Each increment from stochastic adaptation to single-step, clean-data, and LCM leads to measurable accuracy gains and reduction of artifacts. Removing Pack/Unpack improves local smoothness but reduces efficiency and pretrained prior utility.

5.2 Training Step Analysis

Reducing training time-steps from $50\rightarrow1$ improves depth accuracy across all data regimes, establishing single-step regression as optimal.

5.3 Detail Sharpener Effect

Qualitative analysis shows edge sharpening without hallucination; quantitative spectral analysis indicates retention and recovery of high-frequency detail with no loss in core metrics.

5.4 Number of Refinement Steps

# steps	Avg AbsRel↓/δ₁↑
0	4.13/97.61
5	4.12/97.62
10	4.12/97.63

No significant gain beyond 10 steps, suggesting rapid convergence for practical use.

6. Significance and Implications

Lotus-2 demonstrates that latent world priors in diffusion models can be harnessed for stable, accurate geometric reasoning through deterministic rectified-flow mappings rather than stochastic generation protocols. Its dual-stage architecture—single-step clean-data core followed by manifold-restricted detail sharpening—achieves high fidelity in both global structure and high-frequency detail with dramatically reduced supervision.
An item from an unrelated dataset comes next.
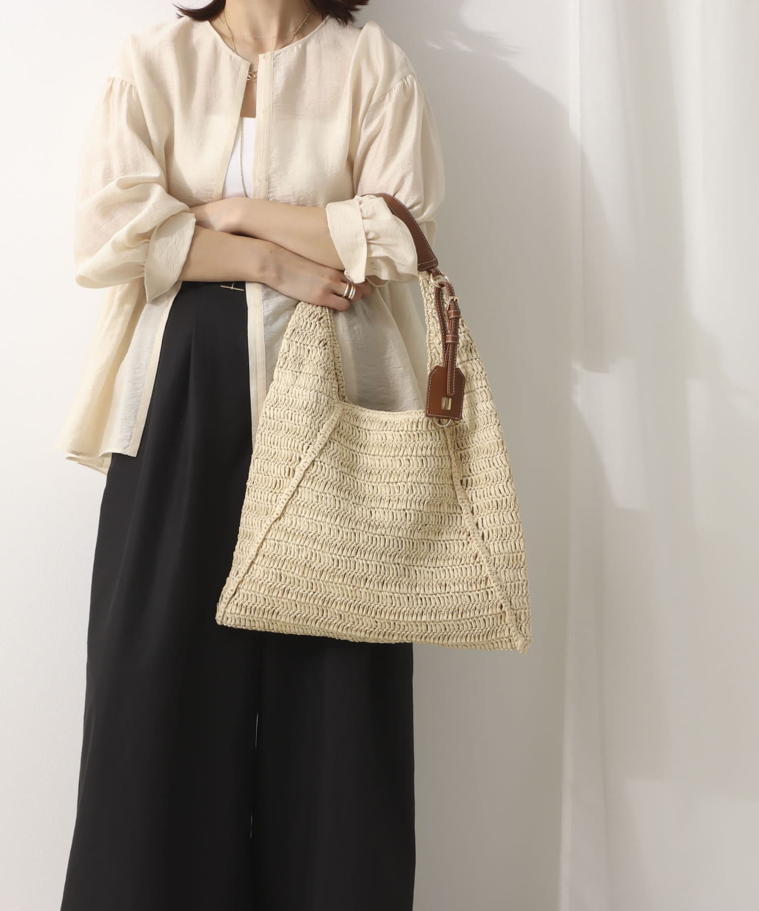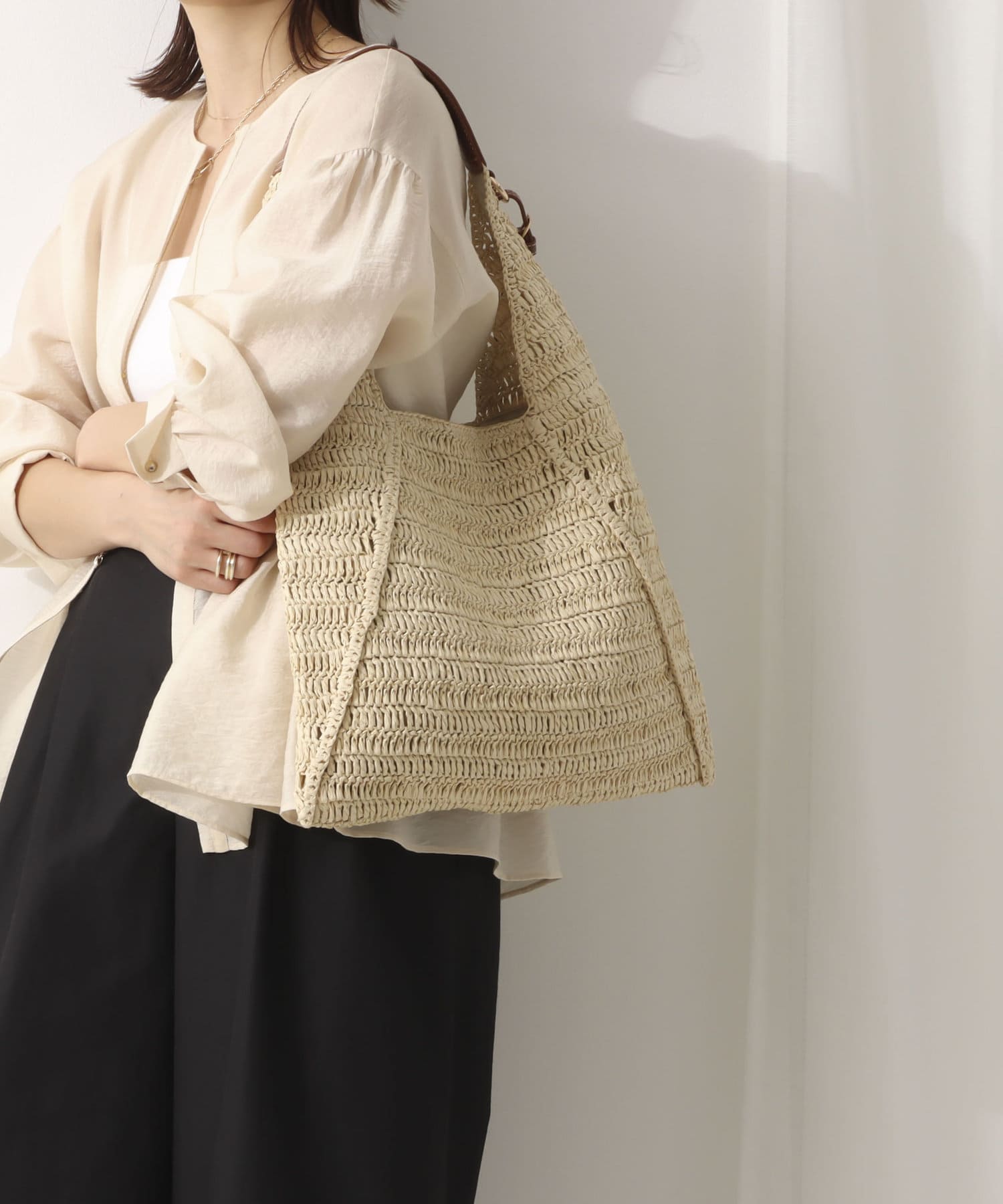・涼やかなペーパー素材のボディがシーズンムードを高めるショルダーバッグ

This suggests that future dense prediction frameworks may benefit from deterministic utilization of generative model priors and refined noise-free adaptation mechanisms, especially as foundation model scales continue to rise.
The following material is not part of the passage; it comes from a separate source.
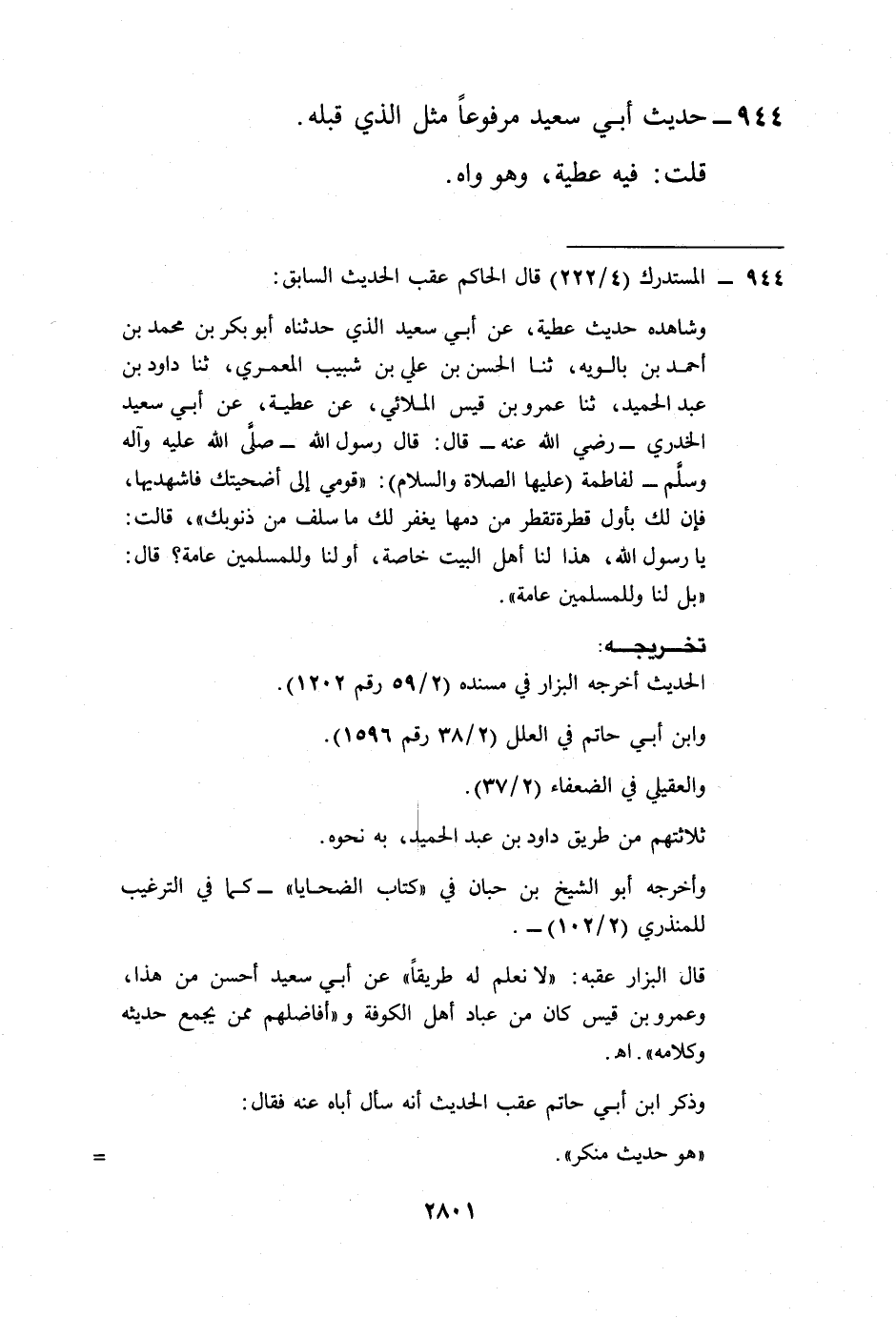وشاهده حديث عطية، عن أبي سعيد الذي حدثناه أبو بكر بن محمد بن أحمد بن بالويه، ثنا الحسن بن علي بن شبيب المعمري، ثنا داود بن عبد الحميد، ثنا عمرو بن قيس الملائي، عن عطية، عن أبي سعيد الخدري -رضي الله عنه- قال: قال رسول الله -صلى الله عليه وآله وسلم- لفاطمة (عليها الصلاة والسلام): "قومي إلى أضحيتك فاشهديها، فإن لك بأول قطرة تقطر من دمها يغفر لك ما سلف من ذنوبك"، قالت: يا رسول الله، هذا لنا أهل البيت خاصة، أو لنا وللمسلمين عامة؟ قال: "بل لنا وللمسلمين عامة".

A plausible implication is that similar deterministic protocols could generalize to related ill-posed inference tasks, provided powerful backbone priors and modular refinement mechanisms are available. The integration of lightweight continuity modules further invites investigation into artifact suppression in latent-driven generative pipelines.
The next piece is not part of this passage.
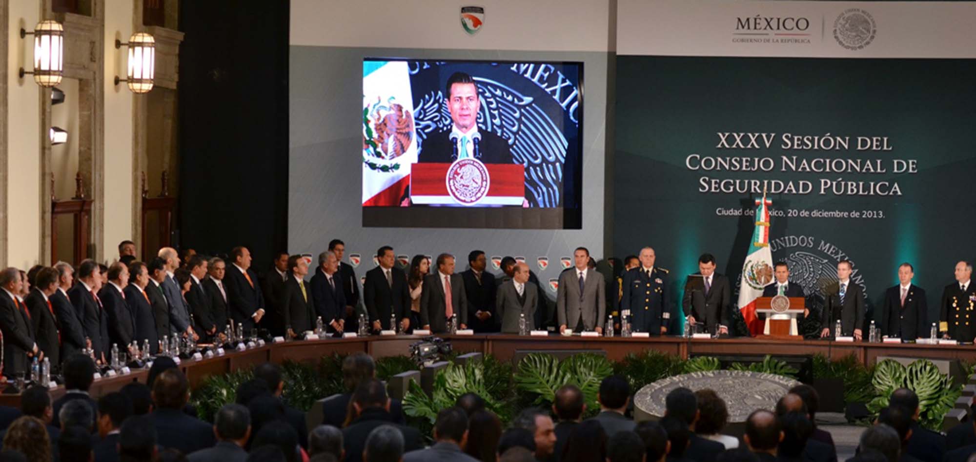 En este sentido, el Presidente de la República, Enrique Peña Nieto, convocó a seguir sumando esfuerzos para lograr un México en paz que exige la ciudadanía, donde dejó en claro que para este tema no debe haber colores partidistas, sino formar un mismo frente, detallando algunas de las decisiones que se han tomado en política de seguridad y procuración de justicia, donde dijo, se han fortalecido los cuerpos de seguridad, la transformación del sistema penitenciario, promoción y articulación de la participación ciudadana, la coordinación, regionalización, fortalecimiento de la inteligencia, entre otros.
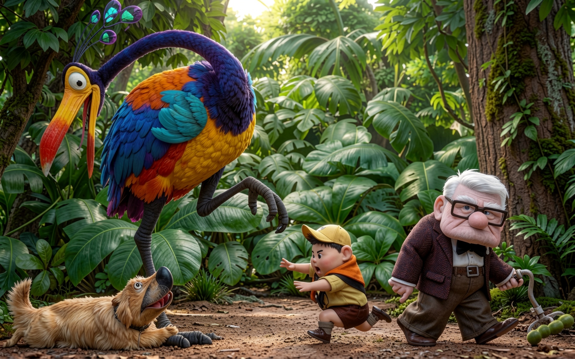 Цветной журавль с мальчиком и мужчиной в джунглях

7. Related Work and Positioning

Lotus-2 builds upon the traditions of rectified-flow modeling [liu2022flow, lipman2022flow], latent diffusion adaptation (FLUX 1.0), and large pre-trained DiT architectures. The introduction of clean-data prediction and manifold-constrained sharpener components positions Lotus-2 distinctively against stochastic sampler-based fine-tuning paradigms (e.g., Marigold, GeoWizard), which suffer from instability and require extensive ensembling. In ablation and direct comparison, Lotus-2 achieves superior zero-shot generalization using less than 1% of the data required by leading methods, validating its protocol for efficient adaptation of generative world priors (He et al., 30 Nov 2025).